▶ **Directions for this task**:
Print this span of the material below exactly: the line with "根据《全国铁道团委关于202", the line with "Сбоку кроссовер унаследовал", and every line between them, but nothing else.

▶ **Records**:
————
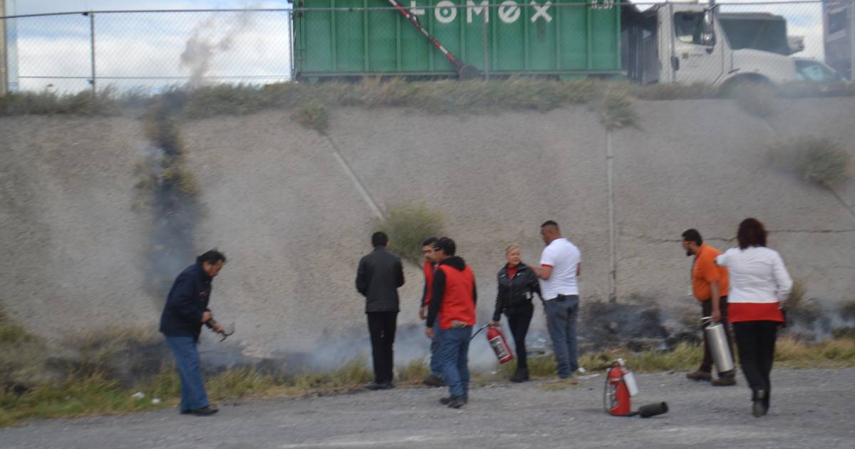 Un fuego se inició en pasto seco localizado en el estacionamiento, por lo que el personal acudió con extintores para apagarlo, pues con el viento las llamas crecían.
————
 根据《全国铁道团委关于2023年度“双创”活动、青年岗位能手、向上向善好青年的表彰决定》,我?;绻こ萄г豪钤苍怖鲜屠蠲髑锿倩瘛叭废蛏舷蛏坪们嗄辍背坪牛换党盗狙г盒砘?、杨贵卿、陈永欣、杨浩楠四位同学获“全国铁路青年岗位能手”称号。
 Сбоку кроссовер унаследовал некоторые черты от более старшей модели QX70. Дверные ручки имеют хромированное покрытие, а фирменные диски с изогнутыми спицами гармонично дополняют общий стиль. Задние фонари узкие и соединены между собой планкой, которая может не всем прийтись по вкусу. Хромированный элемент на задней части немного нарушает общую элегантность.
————
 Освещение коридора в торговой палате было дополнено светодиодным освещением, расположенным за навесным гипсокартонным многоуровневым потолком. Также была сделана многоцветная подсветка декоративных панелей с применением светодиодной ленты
————
▶ **Final answer**:
 根据《全国铁道团委关于2023年度“双创”活动、青年岗位能手、向上向善好青年的表彰决定》,我?;绻こ萄г豪钤苍怖鲜屠蠲髑锿倩瘛叭废蛏舷蛏坪们嗄辍背坪牛换党盗狙г盒砘?、杨贵卿、陈永欣、杨浩楠四位同学获“全国铁路青年岗位能手”称号。
 Сбоку кроссовер унаследовал некоторые черты от более старшей модели QX70. Дверные ручки имеют хромированное покрытие, а фирменные диски с изогнутыми спицами гармонично дополняют общий стиль. Задние фонари узкие и соединены между собой планкой, которая может не всем прийтись по вкусу. Хромированный элемент на задней части немного нарушает общую элегантность.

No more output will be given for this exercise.